▸ **PROVIDED MATERIAL**:
════════
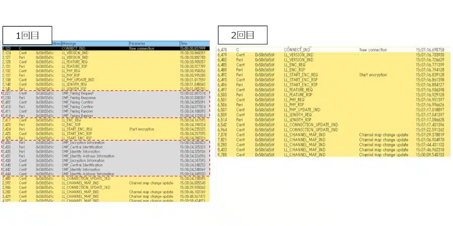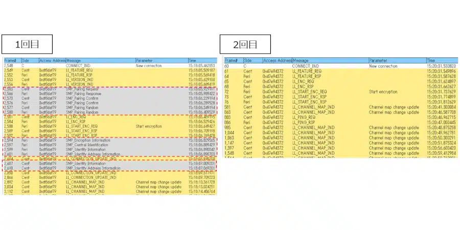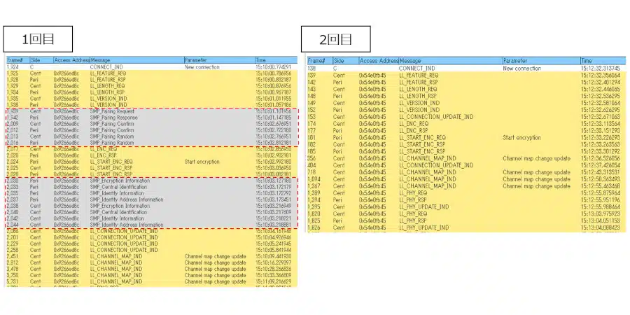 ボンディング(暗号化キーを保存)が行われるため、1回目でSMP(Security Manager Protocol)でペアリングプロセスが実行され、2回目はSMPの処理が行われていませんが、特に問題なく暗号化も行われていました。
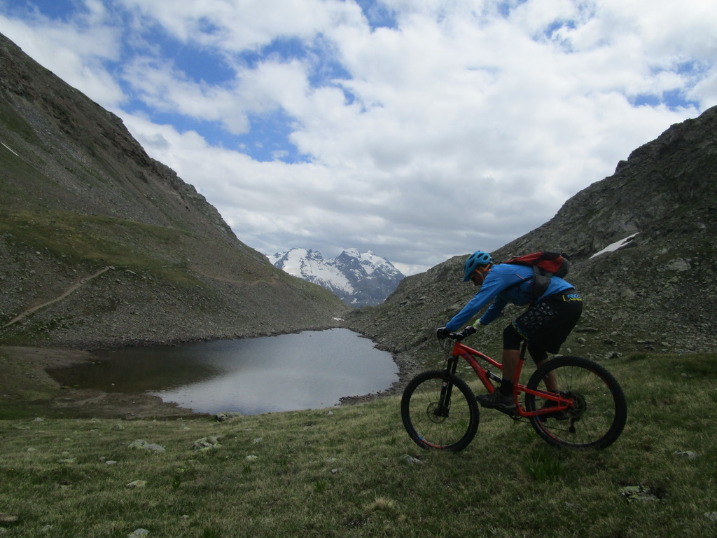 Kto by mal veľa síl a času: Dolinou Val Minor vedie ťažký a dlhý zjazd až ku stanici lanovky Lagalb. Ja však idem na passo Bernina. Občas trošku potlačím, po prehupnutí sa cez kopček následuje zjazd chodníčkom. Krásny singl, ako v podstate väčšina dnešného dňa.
════════
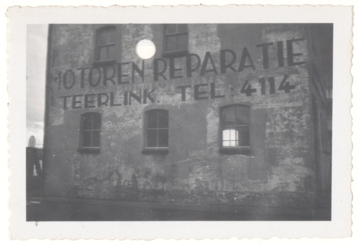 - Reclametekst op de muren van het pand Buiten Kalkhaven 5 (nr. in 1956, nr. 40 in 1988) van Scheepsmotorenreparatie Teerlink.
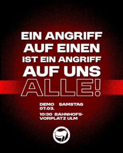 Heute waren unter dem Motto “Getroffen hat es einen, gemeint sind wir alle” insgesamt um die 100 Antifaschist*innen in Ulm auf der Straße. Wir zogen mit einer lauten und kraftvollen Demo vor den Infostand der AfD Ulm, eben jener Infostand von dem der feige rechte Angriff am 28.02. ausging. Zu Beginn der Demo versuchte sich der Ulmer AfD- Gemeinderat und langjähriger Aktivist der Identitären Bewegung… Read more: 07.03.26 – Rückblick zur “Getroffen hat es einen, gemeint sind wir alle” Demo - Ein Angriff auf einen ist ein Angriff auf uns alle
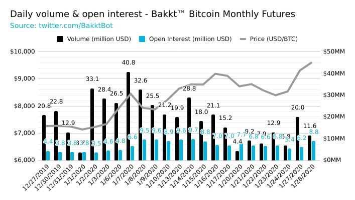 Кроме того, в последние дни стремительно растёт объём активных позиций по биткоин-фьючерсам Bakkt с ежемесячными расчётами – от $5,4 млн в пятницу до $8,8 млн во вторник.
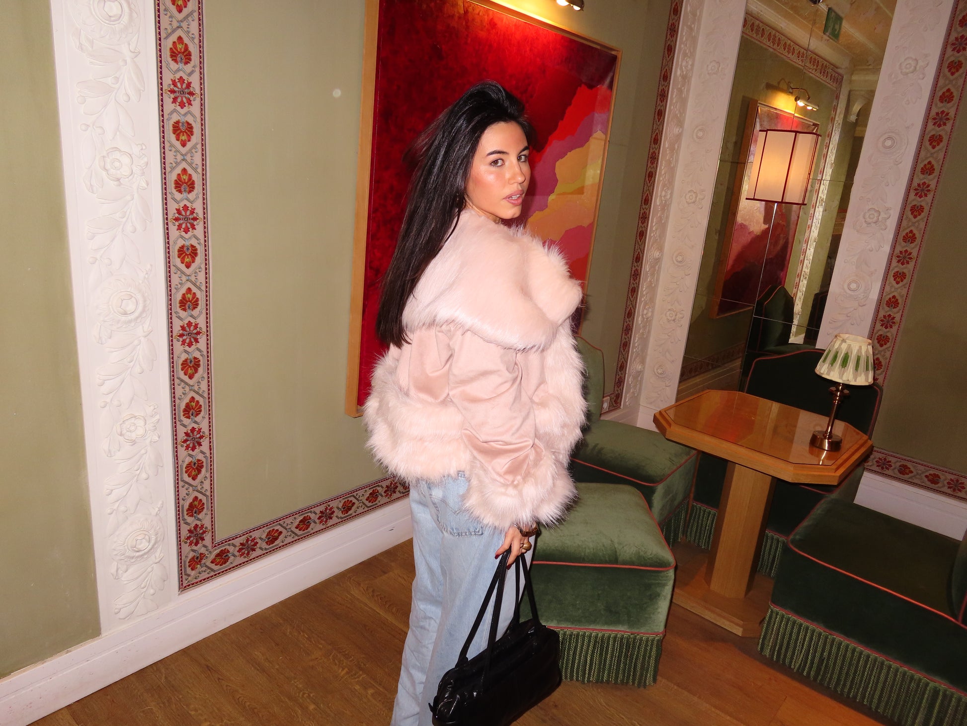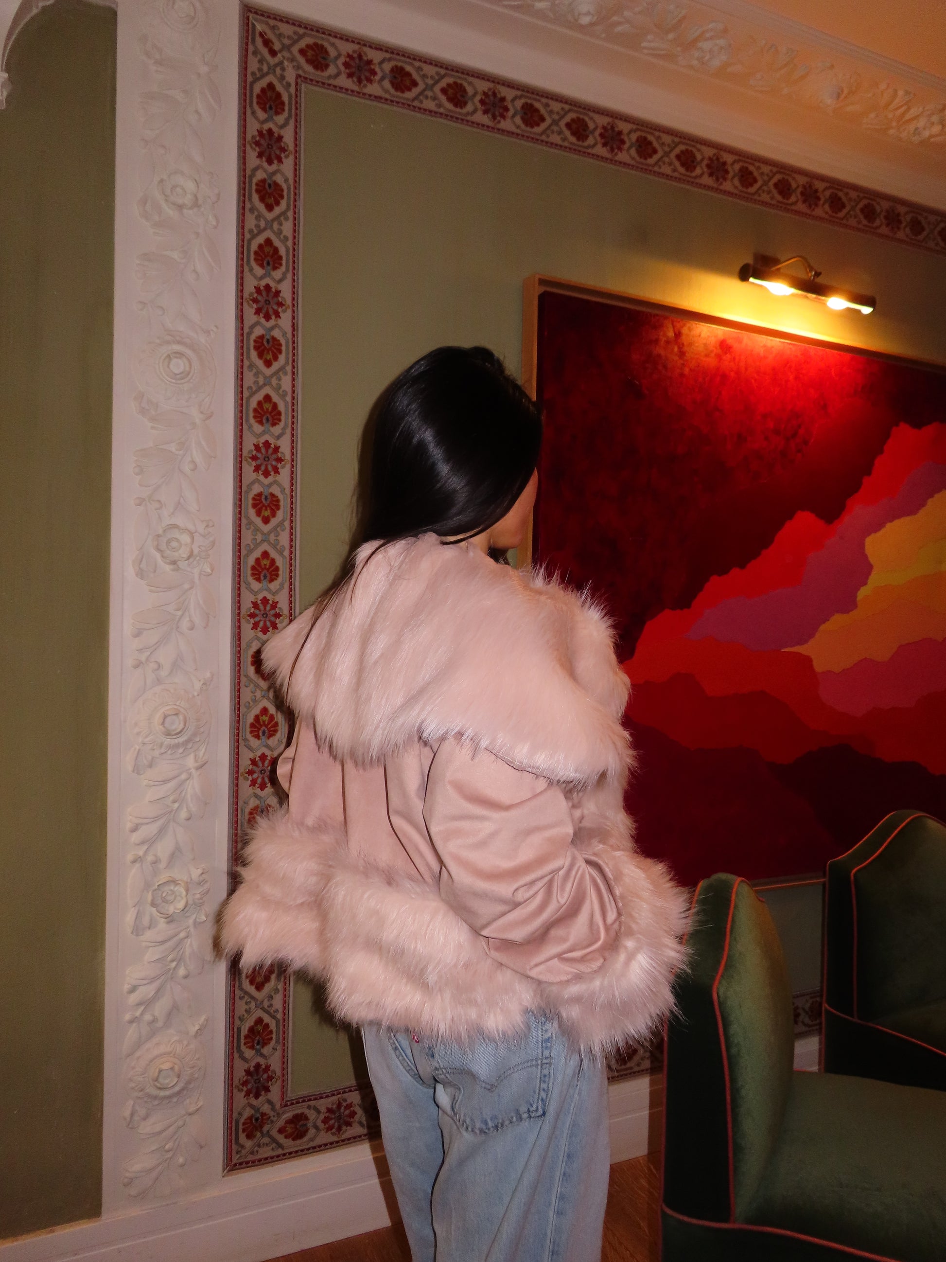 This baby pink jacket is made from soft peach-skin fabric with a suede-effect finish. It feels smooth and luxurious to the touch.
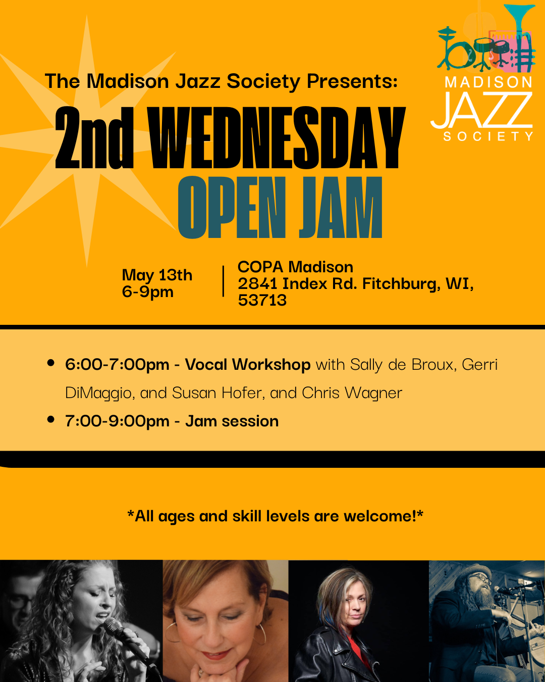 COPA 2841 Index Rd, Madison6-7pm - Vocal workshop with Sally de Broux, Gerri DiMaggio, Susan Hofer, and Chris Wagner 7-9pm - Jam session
════════
▸ **WHAT NEEDS TO BE DONE**: Above are some records; extract exactly the lines from the one containing "Кроме того, в" through the one containing "This baby pink" and drop the pictures.

▸ **TASK RESULT**:
 Кроме того, в последние дни стремительно растёт объём активных позиций по биткоин-фьючерсам Bakkt с ежемесячными расчётами – от $5,4 млн в пятницу до $8,8 млн во вторник.
 This baby pink jacket is made from soft peach-skin fabric with a suede-effect finish. It feels smooth and luxurious to the touch.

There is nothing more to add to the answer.